Лес меня манил в любую погоду. Попав в него, я забывал буквально обо всем. Действительно, стоило мне окунуться в его зеленую чащу, найти первую семейку крепких боровиков, как все посторонние мысли выветрились из моей головы. Находивший по лесу, я вышел случайно на небольшую полянку. Ее пересекал небольшой ручеек с родниковой холодной водой. Ручеек сверкал на солнце, посылая в глаза солнечные блики. Поперек лежал поваленный ствол сосны с  расщепленным комлем.  Я с удовольствием напился из него до ломоты в зубах и сел отдохнуть на дерево. Где-то далеко глухо долбил, старался дятел, совсем рядом пела невидимая мне иволга.  Царство леса  очаровало меня девственной красотой и покоем. Отдохнув, я продолжил свой путь. Солнце уже начало клониться к западу и стало золотить верхушки сосен. Обратный путь оказался не так уж легок. Я ориентировался по берегу реки. Возвратился домой уже затемно, с увесистой корзиной грибов.
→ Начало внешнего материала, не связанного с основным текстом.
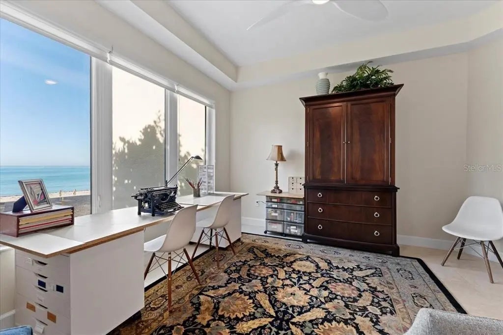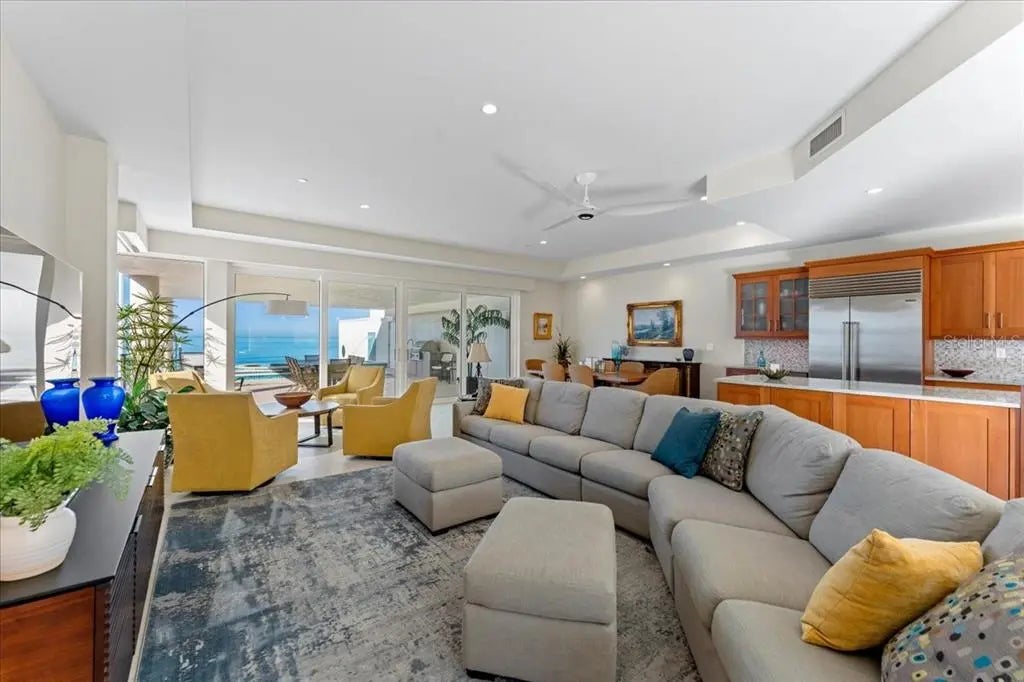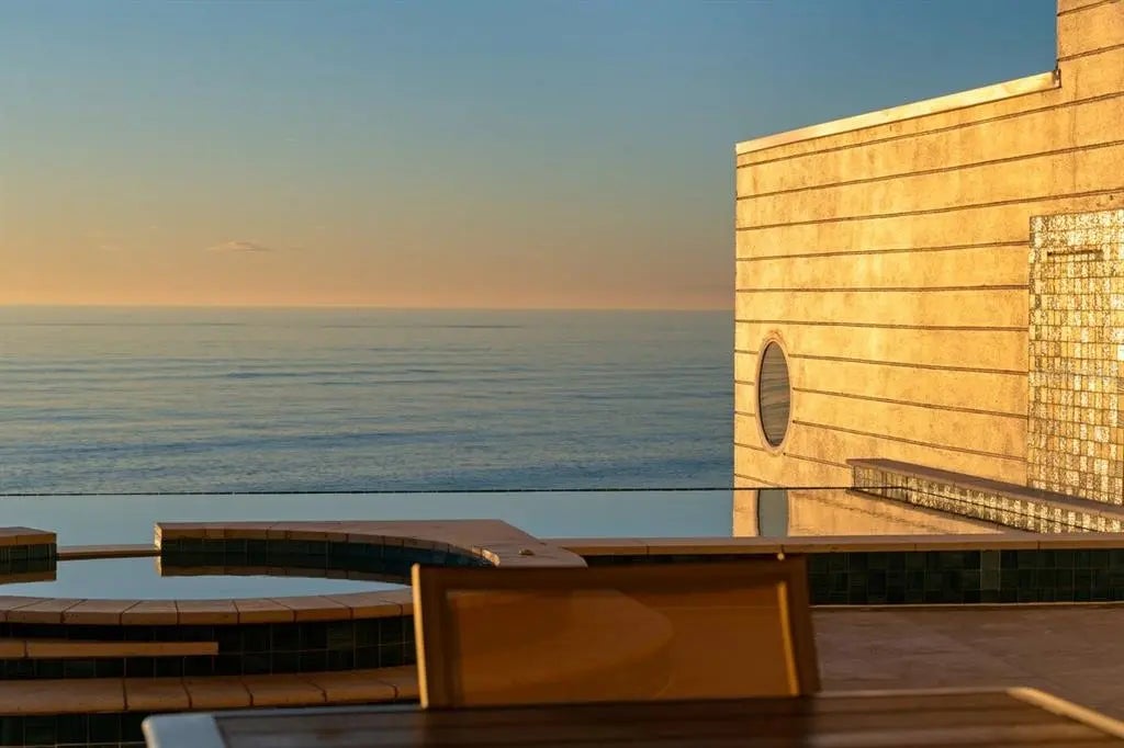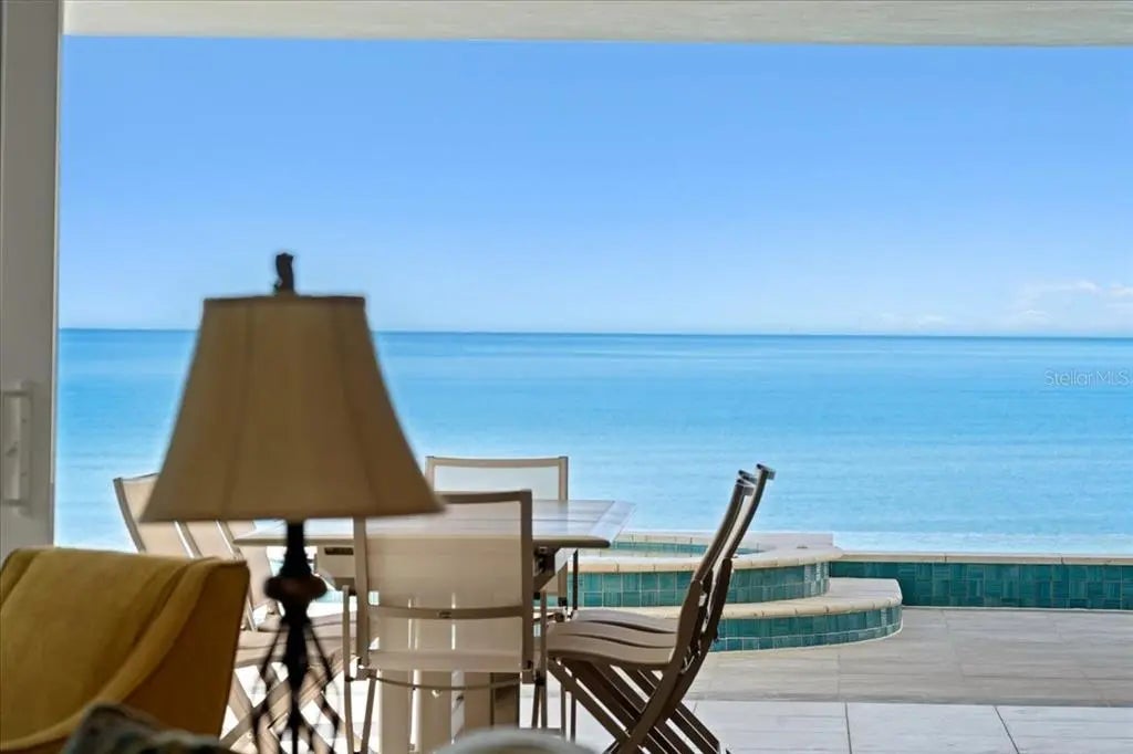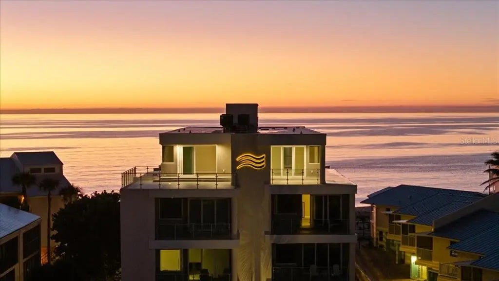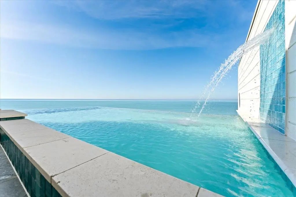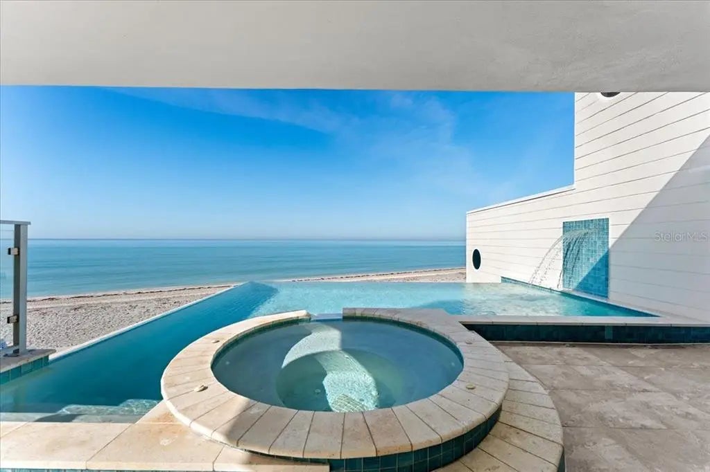 Welcome to The Waves of Manasota Key, a striking modern coastal condominium where contemporary architecture meets effortless luxury. Clean lines, stacked balconies for enhanced privacy, and expansive glass railings maximize natural light and indoor-outdoor living, allowing you to fully embrace the breathtaking views. This one-of-a-kind building offers the rare luxury of enjoying both sunrise and sunset from your own home. Begin your mornings on the east-facing primary bedroom balcony with serene bay views, and end your evenings watching the sun melt into the Gulf from your west-facing terrace overlooking the private pool and spa that dramatically cantilevers over the pristine waters of Englewood Beach. The glowing oranges and pinks of each sunset feel like a living work of art. Arrive via private elevator entry and step into an elegant coastal retreat where water views greet you from nearly every room. The open-concept living space is anchored by a beautifully designed gourmet kitchen featuring warm custom wood cabinetry, sleek stone countertops, and a generous center island with bar seating — ideal for entertaining. High-end stainless steel appliances, including a built-in wall oven and professional-grade refrigerator, are complemented by a contemporary glass tile backsplash and thoughtfully designed lighting that enhances both form and function. The living area flows seamlessly to the west-facing terrace, where your private infinity-edge pool and spa hover above turquoise Gulf waters — making sunset your favorite daily ritual. Steps lead directly down to the beach, where soft sand and gentle waves await just outside your door. Manasota Key is a charming barrier island offering a relaxed coastal lifestyle with waterfront dining, boutique shopping, and vibrant sunset entertainment. Whether enjoying fine dining or a casual evening by the water, this island community delivers a truly exceptional lifestyle. This luxurious residence features three spacious bedroom suites, each with a private bath, a guest powder room, over 3,000 square feet of living space, and a private garage. With low-maintenance living and unparalleled design, this is a rare opportunity to own a truly extraordinary coastal condominium.

 На следующий день, как и половину вчерашнего,  я ни разу не взглянул и не заговорил с Таней, хотя много раз замечал ее прямые вопросительные  взгляды исподлобья.
 Прозябать в этом забытом богом  и чертом уголке, ухаживать за больными и пожилыми, не жить, а влачиться  нудным существованием наверно не представляло особой радости для девушки. Моя странная пауза в отношениях, отказ от какого-либо продолжения, верно, повлек ее удивление и необоснованную обиду. Как любая девушка, она должна была чувствовать, что задето ее самолюбие. Два дня паузы, конечно, стоили мне  напряжения душевных сил. Так и хотелось иногда пошутить, сделать что-нибудь впечатляющее, но приходилось сдерживать себя, с совершеннейшим показным  равнодушием взирать на все вокруг.
На третий день, за завтраком, я отметил, как лучшие куски попадают в мою тарелку, минуя тарелки  дяди и тети. Платьишко Тани сменилось на легкий сарафан. Голубой батист был оторочен  красной вышивкой и гармонировал с ее глазами. Выражение лица у нее было чуть печальное с оттенком легкой грусти.  Косым зрением взгляд мой реагировал на каждое ее движение. Я видел, как подавая дяде, компот она изогнулась над столом, материя  плотно обтянула ее спину, двигающиеся лопатки. Подойдя к окну, Таня поправляла волосы, и я смутился, увидев у нее под крылышками сарафана темно-каштановую густую поросль под мышками.  В лучах солнца глянцевитые волоски светились ярким пучком, топорщились в разные стороны.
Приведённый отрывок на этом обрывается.